According to the Environmental Working Group, the ruling carries sweeping implications for countless Americans threatened by toxic dumping, among them, the legal claims of thousands of Marines and their families poisoned by water contamination at Camp Lejeune in Jacksonville, NC.

“I am stunned by today’s decision. It’s a blow to all victims exposed to and suffering from the health effects of toxic pollution," said retired Master Sgt. Jerry Ensminger, who uncovered the contamination at Camp Lejeune after losing his 9-year old daughter Janey to leukemia. "Science shows that the latency period of cancer after toxic chemical exposure is 20 or 30 years—this ruling means victims will not be able to sue a company for its wrongful pollution once the statute of repose has passed.” 

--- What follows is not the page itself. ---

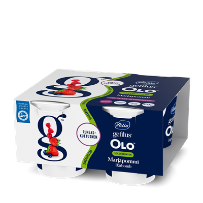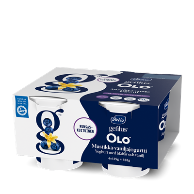 Valio Gefilus® OLO™ jogurtit nautinnolliseen oloon! Valio Gefilus® OLO jogurtit houkuttelevat hemmottelemaan vatsaa helposti ja herkullisesti aamuin illoin, osana tasapainoista ja monipuolista ruokavaliota sekä terveitä elämäntapoja. Ne sisältävät kalsiumia, joka edistää ruoansulatusentsyymien normaalia toimintaa. Entistä raikkaamman makuiset Valio Gefilus® OLO™ jogurtit sisältävät myös maailman tutkituinta LGG® maitohappobakteeria, BB-12® bifidobakteeria, D-vitamiinia ja runsaasti kuitua.

Veterans and their families have charged that exposure to trichloroethlylene—a known carcinogen—in polluted waters at Camp Lejeune over a 30-year period has caused at least 84 cases of male breast cancer and thousands more rare cancers, leukemia, birth defects and other serious illnesses.

“I have been fighting for the rights of veterans to see justice from the toxic pollution of Camp Lejeune for more than 20 years and this ruling is a tragedy for all of us,” said Ensminger. “Words cannot describe my disappointment in the Obama Administration for siding with the polluters in this case and the ultimate decision that has resulted in a harmful precedent for polluted communities across the country.”

In Aug. 2012, President Obama signed the Janey Ensminger Act into law, which offered health benefits to those contaminated at Camp Lejeune. No word yet on what affects Monday's Supreme Court decision will have on the Janey Ensminger law.

President Barack Obama signs the “Honoring America’s Veterans and Caring for Camp Lejeune Families Act of 2012,” in the Oval Office, Aug. 6, 2012. Official White House Photo by Pete Souza

“We are deeply disappointed in today’s wrongheaded decision,” said Danielle Brian, executive director of the Project on Government Oversight, one of Environmental Working Group’s partners in the fight for environmental health legislation. “We fear that this may set the precedent that the Obama Administration sought—denying justice to those harmed by toxic pollution at Camp Lejeune and elsewhere.”

“It is unconscionable that people may lose their right to seek justice before they even know they were harmed,” Brian continued. “Like Justice Ginsberg, we are concerned that this will encourage more secrecy and cover-ups like the one the government has engaged in over Camp Lejeune for decades. Ultimately, Congress may need to make clear its intent to protect the rights of victims of polluters no matter how long it takes for them to get cancer or die.”